All I heard was leukemia.  So I started there…I hit the internet with research on types of illnesses, treatments, special centers …. Correlating them to current and future clients to make sure I could continue to work to support the treatments but be near to be with him.  I started to do the math…and figured out what we could cut back on to make ends meet.  I researched what my insurance would pay for…all of that while I waited for the nurse to come in to draw the blood.

Then – they DREW THE BLOOD and for the LOVE OF ALL THAT IS HOLY, I cried more than Beau did.  But he cried BIIIIIG alligator tears….and I tried to give him his binky…and he gave it back to me.  I almost took a hit off of it.

Then we waited.  They needed one hour.  And for one hour, I planned our life with leukemia treatments.  I found all the best centers, found nearby apartments to all of them, did research on doctors, found all the support groups, mapped flights into each area to correlate costs and budgets... And I know that must seem WILD to you, but that’s how I work.  I accept the worst case – and work backwards from there….because I need to be able to handle anything she says when she walks back through that door.
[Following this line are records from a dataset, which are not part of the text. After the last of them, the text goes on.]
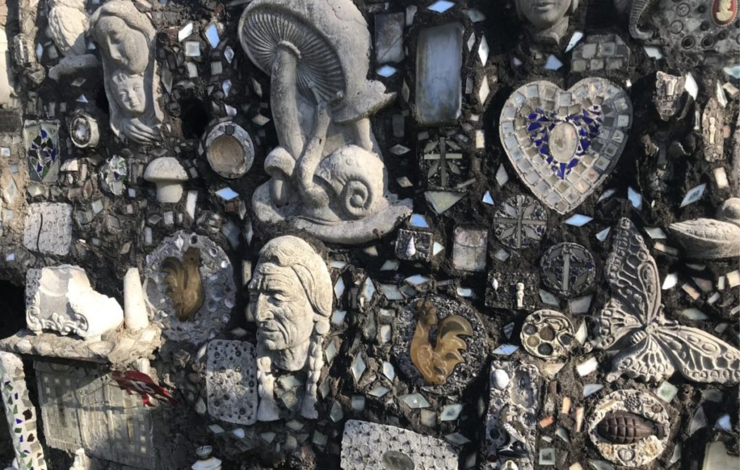 Эта стена представляет собой сложный рельеф из цемента, битого стекла, зеркальной мозаики, гипсовых голов, декоративных форм, старых предметов быта и найденных объектов.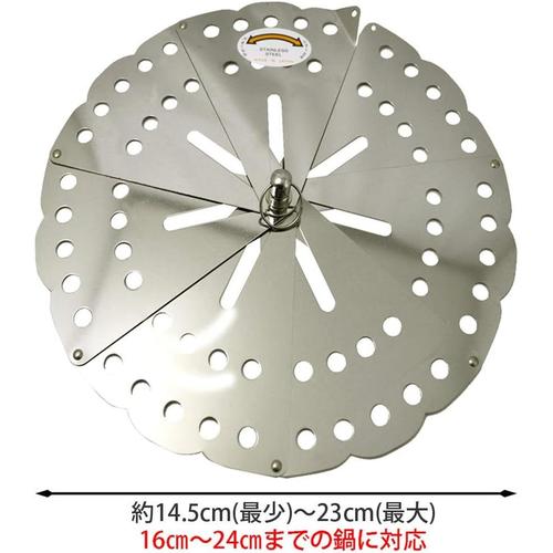 鍋に合わせて伸び縮み可能な、ステンレス落し蓋&蒸し皿です。14.5−23cmまで調節可能。 |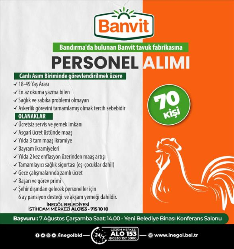 İnegöl Belediyesi İstihdam Merkezinden yapılan açıklamada, Banvit firmasında çalışmak üzere personel alımı yapılacağı duyuruldu. Açıklamada şu ifadelere yer verildi: “İstihdam Merkezimizle iş birliği yapan Banvit firması, Bandırma’da bulunan tavuk fabrikasında çalışacak canlı asım biriminde görevlendirilmek üzere personel alımı yapacak. Aranan genel şartlarda 18-49 yaş arası, en az okuma yazma bilen, sağlık ve sabıka problemi olmayan ve askerlik görevini tamamlamış olmak tercih sebebi olacak. Firma farklı şehirlerden gelecek personeller için çeşitli imkanlar da sunuyor. Ücretsiz servis ve yemek ikramı, asgari ücret üzerinde maaş, yılda 3 tam maaş ikramiye, bayram ikramiyeleri, yılda 2 kez enflasyon üzerinde maaş artışı, tamamlayıcı sağlık sigortası, gece çalışmalarında zamlı ücret, başarı ve görev primi, şehir dışından başvuru yapacaklar için akşam yemeği de dahil olmak üzere 6 ay pansiyon desteği olanakları sunuluyor.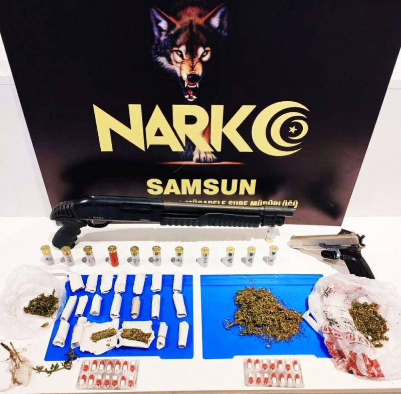 Olay, Samsun’un İlkadım ilçesi Uzgur Mahallesi’nde meydana geldi. Edinilen bilgiye göre, Samsun Emniyet Müdürlüğü Narkotik Suçlarla Mücadele Şube Müdürlüğü ekipleri yaptıkları istihbari çalışmalar doğrultusunda müşterek hareket ederek irtibatlı oldukları şahıslara uyuşturucu madde satışı yaptığı bilgisi edinilen G.G. ve karısı Ö.G.’nin evlerine ve araçlarına operasyon düzenledi. Gözaltına alınan şahısların adreslerinde ve araçlarında yapılan aramalarda, satışa hazır 20 paket halinde 18,76 gram esrar maddesi, 3 paket halinde 45 gram esrar maddesi,31 kapsül sentetik ecza, 1 kök dişi Hint kenevir bitkisi, uyuşturucu madde paketlemek için kullanıldığı değerlendirilen 1 adet makas ve çok sayıda kağıt parçaları, 1 adet kurusıkı tabanca, 1 adet pompalı tüfek, 11 adet tüfek kartuşu ve uyuşturucu madde satışından elde edildiği değerlendirilen 405 TL para ele geçirildi.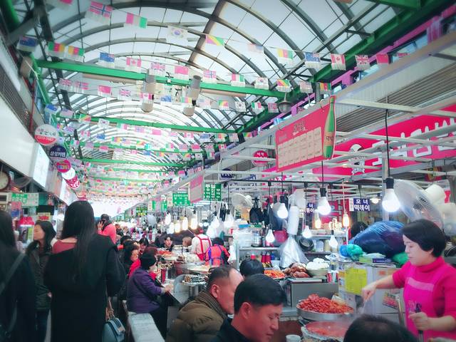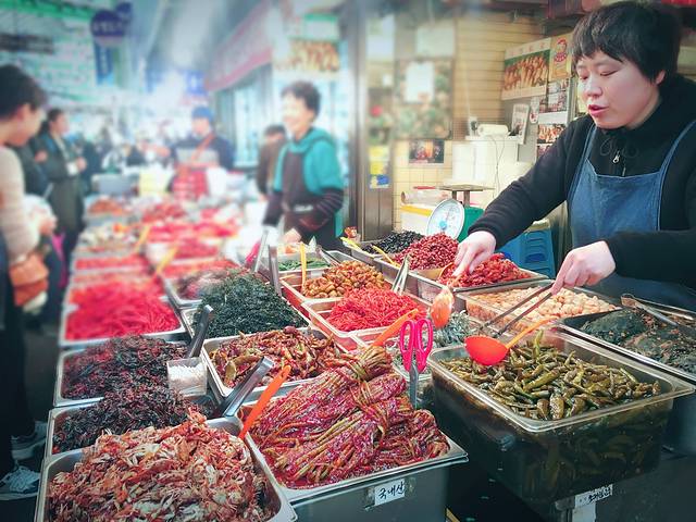 首尔一个非常有历史的广臧市场,有点像国内的集市,吃穿住行,各种当地特色在此聚集。在这里,韩国泡菜、酱蟹等等民俗小吃,纯正的味道。游客络绎不绝。在此体会一下还是不错的。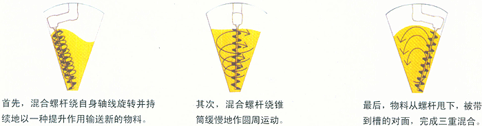 一食品工业:小麦粉、谷物、奶粉、香料、咖啡、味精、食盐等的混合物。一干燥行业:粉料的干燥。一化工工业:药品、化妆品、洗涤剂、涂料、树酯、玻璃硅、颜料、塑料、添加剂等行业的混合。 性能特点 一该机适用于固(粉)—固(粉)(粉体粒度300~2000um)混合及固(粉)—液(含液量<15%)的混合,特殊的夹套装置,还可作为干燥设备使用。一独有的双级双轴输出的减速机,使本机结构紧凑,外型美观,操作方便;一锥形简体以恰到好处的锥度确保物料流动形式及方便迅速出料,无滞留;一设备内部结构设计匠心独具,始终保证单螺旋产品运行可靠,维护方便;一混合速度快,一般粉体混合只需10分钟左右;一手动、电动、气动出料方式供你选用。

So we played and walked and blew up gloves into COW UTTERS…. And we found all the pictures of the cows on the ER floor….and we mooed…and we watched the ipad and the TV and mommy’s phone and sometimes we tried to work on mommy’s work computer because that looks like fun too.



We waited.

AN ETERNITY.

And finally – she came back.  It’s not leukemia.  

Sometimes, those antibodies that the white blood cells are producing to fight viruses are not so smart – and they attack the platelets.  A kid Beau’s size/age needs about 150000 …. He has 1000.  Just 1000. 
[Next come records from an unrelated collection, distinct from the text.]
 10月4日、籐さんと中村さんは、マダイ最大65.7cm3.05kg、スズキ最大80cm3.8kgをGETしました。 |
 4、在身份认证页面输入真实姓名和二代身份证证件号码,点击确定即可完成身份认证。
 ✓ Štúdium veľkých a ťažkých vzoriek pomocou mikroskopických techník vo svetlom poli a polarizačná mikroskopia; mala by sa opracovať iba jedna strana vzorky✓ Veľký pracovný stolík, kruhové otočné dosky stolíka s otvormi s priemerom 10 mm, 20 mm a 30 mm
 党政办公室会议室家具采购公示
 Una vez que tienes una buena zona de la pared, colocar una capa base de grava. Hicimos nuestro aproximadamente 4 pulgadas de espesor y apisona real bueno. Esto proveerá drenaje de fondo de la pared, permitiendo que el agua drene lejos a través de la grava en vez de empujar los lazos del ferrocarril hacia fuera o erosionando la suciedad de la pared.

The antibodies will continue to attack the platelets while they are trying to fight off whatever virus is inside Beau right now.  This is ITP -- Idiopathic Thrombocytopenic Purpura  -- New antibodies are created each time the white blood cells detect a virus to go attack…the next round of antibodies may not attack the platelets.  It’s hard to tell.

We now need to hear from the hematologist.  This poor ER doctor has reached her limit on knowledge of blood disorders – and probably her tolerance of my questions and antics.

The hematologist came in…saw the look on my face and said “I’m going to say this three times so that you know that I’m serious – He does not have leukemia.  He does not have leukemia.  He does not have leukemia.”  The bruises aren't painful, but he's prone to bleeding now because he has no ability to clot...so any bad fall or head bump requires an ER visit.  Oh, Jesus take the wheel - for real?!

Ok, I think I’ve got it.  It’s not the worst case scenario…let’s start working backwards now…
Beau is going to be fine – but he’s going to bruise every time the wind blows until this set of antibodies run their course…and move on.  So, we’ll see the hematologist every work to do blood tests…until such time that things change…and then we will change courses, but for now – no treatment other than restricted activity.  No contact sports.  

Hold up – what?

He’s 2.  He already broke his leg TWICE… My whole house is a contact sport.

Lord help us.

Jack understands…he’s ready to take care of his brother.  “I’m his keeper.”  Yes, baby…yes you are … so when he jumps on you to wrestle, you have to resist that urge to Jimmy-Superfly-Snuka him…because he’ll bruise up like a peach and Child Protective Services will be BACK at this house (read here for that story). 

Ain’t nobody got time for that.


We got a doctor’s note.  Just in case.

It's fine.  He's Fine.  We are fine.